## To do
Everything from the line with "数学学科现状,系统介绍了学院" down to the line with "长沙舰舰艇仪仗队再次在飞行甲板整齐列队,以海军特有的礼仪向习近平致敬。" below must be printed exactly, those two lines included. Exclude pictures.

## Entries shown
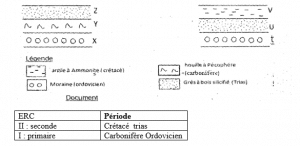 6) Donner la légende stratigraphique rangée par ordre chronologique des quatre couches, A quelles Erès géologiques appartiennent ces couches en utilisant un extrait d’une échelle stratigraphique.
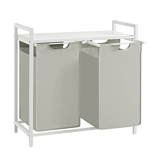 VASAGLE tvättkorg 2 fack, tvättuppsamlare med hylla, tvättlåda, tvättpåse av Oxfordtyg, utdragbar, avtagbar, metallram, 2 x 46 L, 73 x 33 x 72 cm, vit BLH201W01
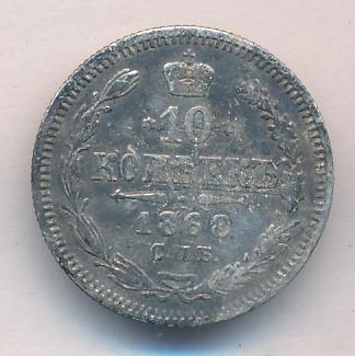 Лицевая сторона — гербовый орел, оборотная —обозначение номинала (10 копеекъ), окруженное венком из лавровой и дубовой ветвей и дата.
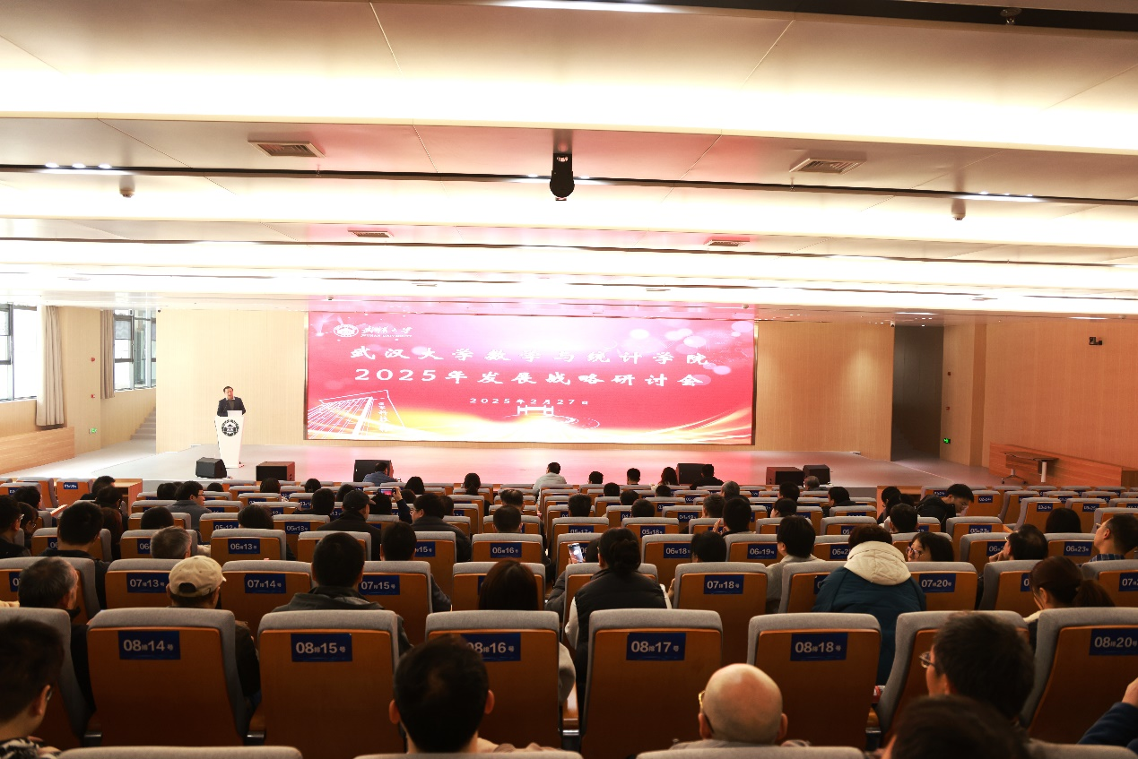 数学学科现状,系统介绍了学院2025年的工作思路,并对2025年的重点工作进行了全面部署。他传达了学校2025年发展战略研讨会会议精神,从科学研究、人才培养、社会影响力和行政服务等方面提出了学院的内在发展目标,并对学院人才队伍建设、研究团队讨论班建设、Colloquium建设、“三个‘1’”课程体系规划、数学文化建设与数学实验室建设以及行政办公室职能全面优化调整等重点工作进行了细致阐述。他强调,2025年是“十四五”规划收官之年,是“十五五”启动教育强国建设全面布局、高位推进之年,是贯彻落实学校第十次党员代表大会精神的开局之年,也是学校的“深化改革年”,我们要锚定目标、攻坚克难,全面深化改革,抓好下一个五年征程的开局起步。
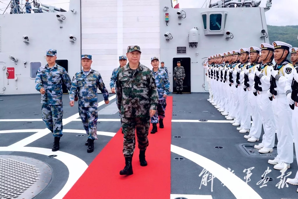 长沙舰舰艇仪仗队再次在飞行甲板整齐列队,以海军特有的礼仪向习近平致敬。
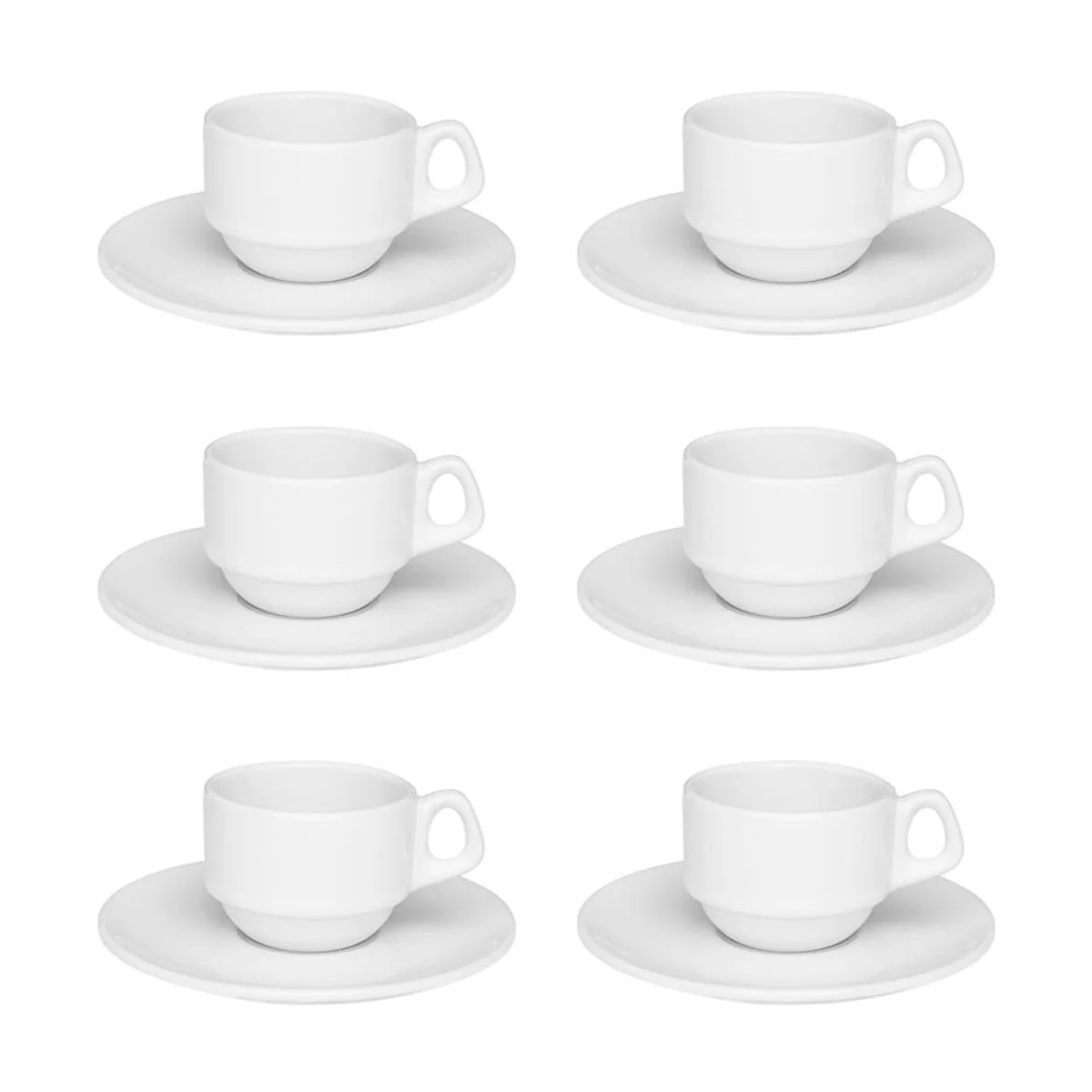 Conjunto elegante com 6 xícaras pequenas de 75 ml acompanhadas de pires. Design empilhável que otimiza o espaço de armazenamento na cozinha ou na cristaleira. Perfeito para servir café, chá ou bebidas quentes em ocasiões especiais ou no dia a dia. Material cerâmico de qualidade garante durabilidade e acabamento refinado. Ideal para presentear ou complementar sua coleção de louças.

## Response for this exercise
 数学学科现状,系统介绍了学院2025年的工作思路,并对2025年的重点工作进行了全面部署。他传达了学校2025年发展战略研讨会会议精神,从科学研究、人才培养、社会影响力和行政服务等方面提出了学院的内在发展目标,并对学院人才队伍建设、研究团队讨论班建设、Colloquium建设、“三个‘1’”课程体系规划、数学文化建设与数学实验室建设以及行政办公室职能全面优化调整等重点工作进行了细致阐述。他强调,2025年是“十四五”规划收官之年,是“十五五”启动教育强国建设全面布局、高位推进之年,是贯彻落实学校第十次党员代表大会精神的开局之年,也是学校的“深化改革年”,我们要锚定目标、攻坚克难,全面深化改革,抓好下一个五年征程的开局起步。
 长沙舰舰艇仪仗队再次在飞行甲板整齐列队,以海军特有的礼仪向习近平致敬。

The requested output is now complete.